On a perinatal mental health level, although many surrogates are keen to hand over the baby, there are a lot of dramatic hormonal events in the first days and weeks after birth, and some find that handover triggers or exacerbates perinatal mental ill-health conditions, like postnatal depression or postpartum psychosis.   

Finally, surrogates may experience coercion from intended parents during their antenatal care or birth. In their consultation response, the Woman’s Place UK said “it is not difficult to imagine a scenario where the mother may find it difficult to make choices which prioritise her own health and wellbeing if the intended parents are in the room with her, even if they do not actively put pressure on her to prioritise the welfare of the foetus.
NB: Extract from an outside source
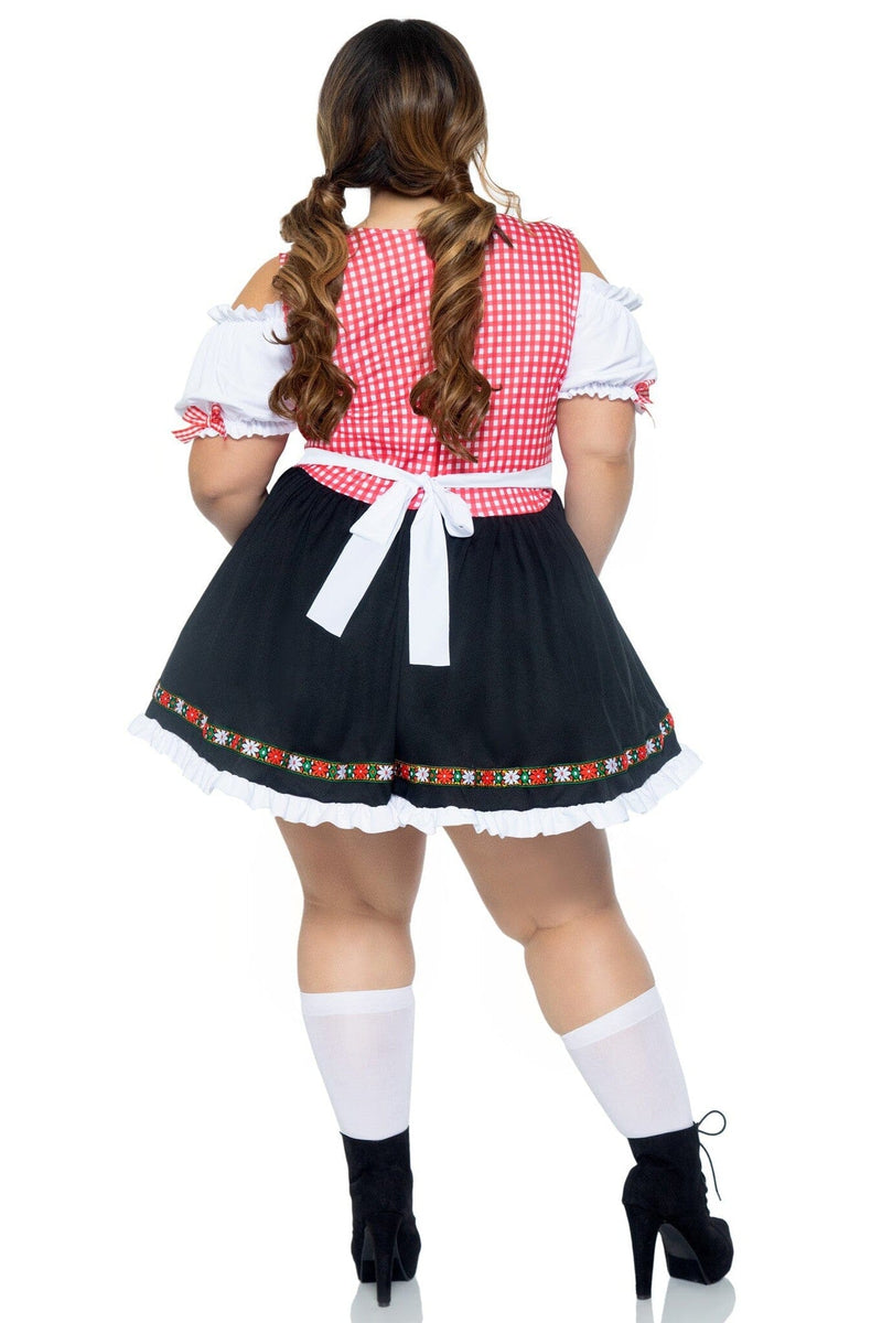 Beer Garden Babe, features gingham peasant dress with lace up detail and cold

Or in a scenario where a scan reveals a foetal anomaly, the pregnant woman may feel unduly pressured to conform to the intended parents’ wishes regarding continuing or terminating the pregnancy if they are present in the room when the scan takes place.” As these scenarios suggest, the surrogate mother’s rights to dignity and bodily autonomy may be subtly undermined by the known wishes or momentary reactions of the intended parents.  

Given the current policy climate and controversy around surrogacy, it’s crucial that public discussion of this issue includes the fullest range of perspectives. As well as hearing moving stories from intended parents about how surrogacy enabled them to overcome biological or social infertility to realise their dreams of becoming parents, we also need to hear from a range of surrogate mothers. That includes those whose experiences have not been so rosy, and who instead encountered challenging power imbalances between themselves and the intended parents, or who felt that their human rights were subtly or overtly undermined during their pregnancy or birth, or who suffered unexpected physical or emotional repercussions. There are two sides to this story, and both must be told.